The family of the twins, who are joined at the head, made a public appeal for help to raise funds for the procedure.

Speaking to the media, Mr. Agyeman-Manu indicated that some equipment for the procedure has already arrived in the country.

“We wrote and sent our needs to the Chief of Staff. They have written to release funds to us. We have started procurement processes towards procurement of equipment that will enable the doctors to perform the surgeries. So, we are seriously on course. We haven’t had any problem at all. Some equipment has even arrived, and we are actually getting things fast to get things moving.”

Surgery to begin in September

Meanwhile, the Medical Director of the Greater Accra Regional Hospital, Dr. Emmanuel Srofenyoh, says the procedure may start in the first week of September.

“We are not in a great hurry for the surgery to be performed because we are waiting for the optimal opportunity for the surgery to be performed. For the technical people, we have received information that the surgeries must start from the first week in September with the initial stage. The surgery will be performed in different stages, but the first is to prepare and expand the skin so that when they are separated there can be a redundant skin that can be used to be close up.”

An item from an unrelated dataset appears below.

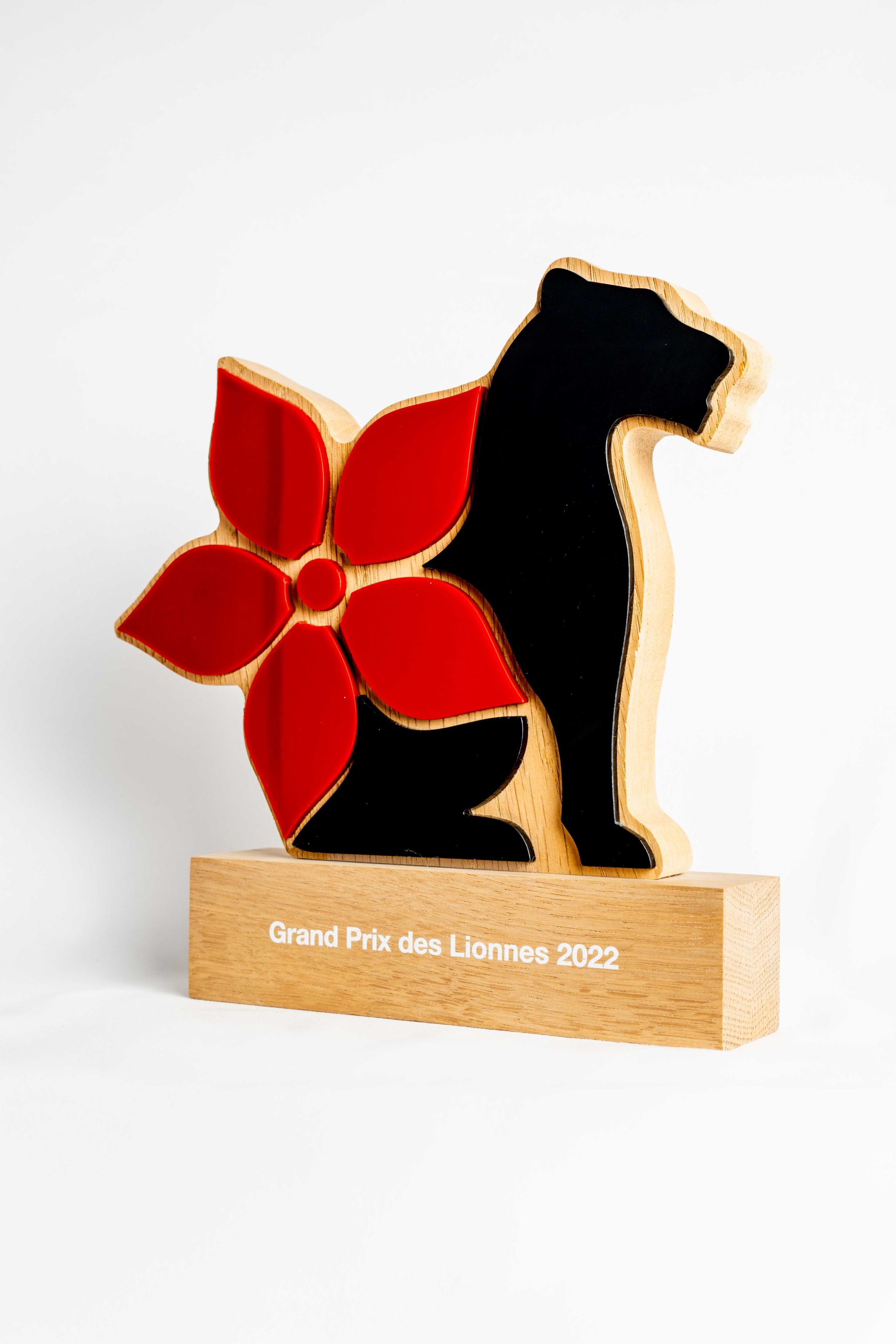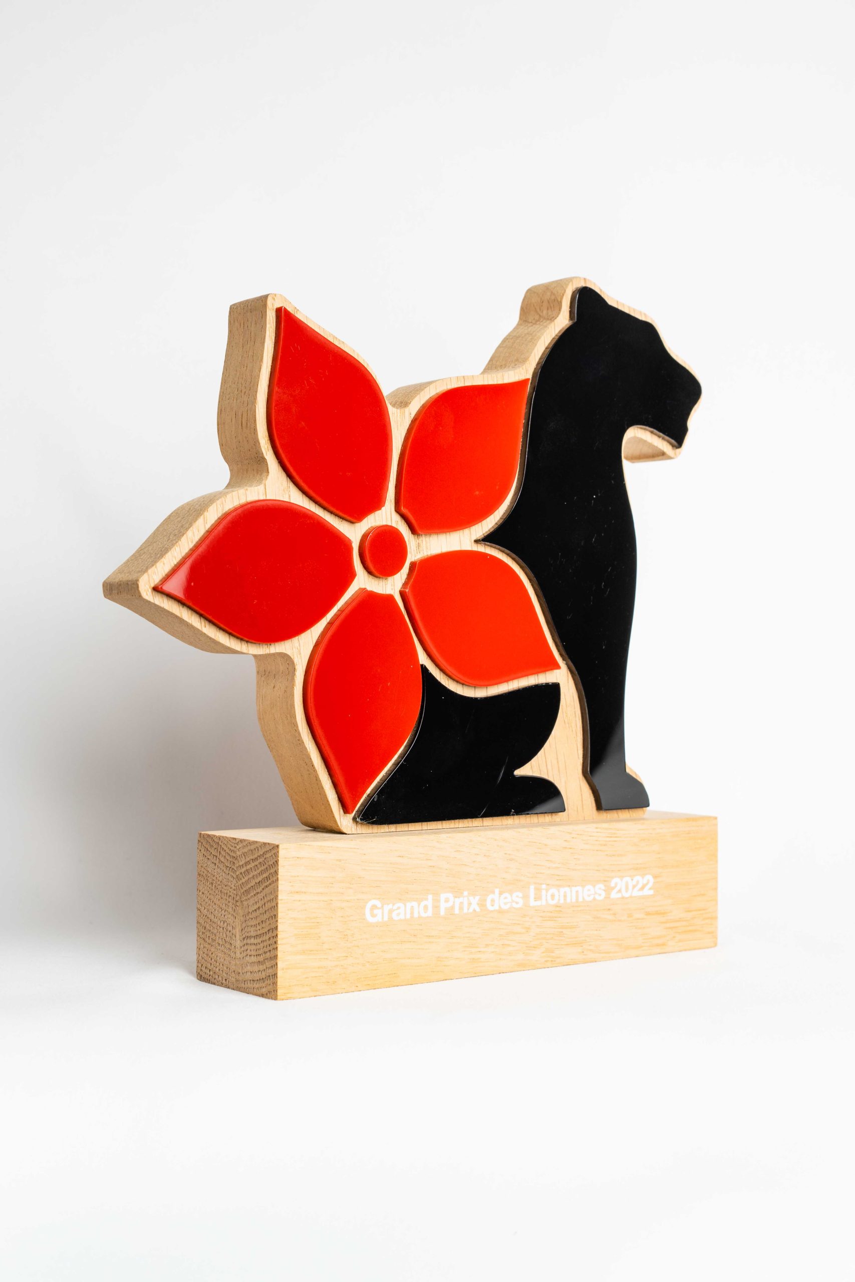 Trophées bi-matières bois et plexiglas teintés dans la masse

The twins were born to a 15-year-old girl, Rebecca Bansah, who last month appealed to the public to help raise funds for the procedure.

Doctors say it will cost about GH¢3million to separate the Siamese siblings.

The twins, in their third month, are joined at the head.

Data suggests that only about 5% of conjoined twins survive until surgery.

Doctors at the Greater Accra Regional Hospital are however hopeful that the surgery will be successful.

Dr. Samuel Kaba Akoriyea, a neurosurgeon at the facility, said in a Joy News interview that although the surgery process will be daunting, the neurosurgeons are very competent in carrying out the operation.

He revealed that it will take about five stages to complete the surgery.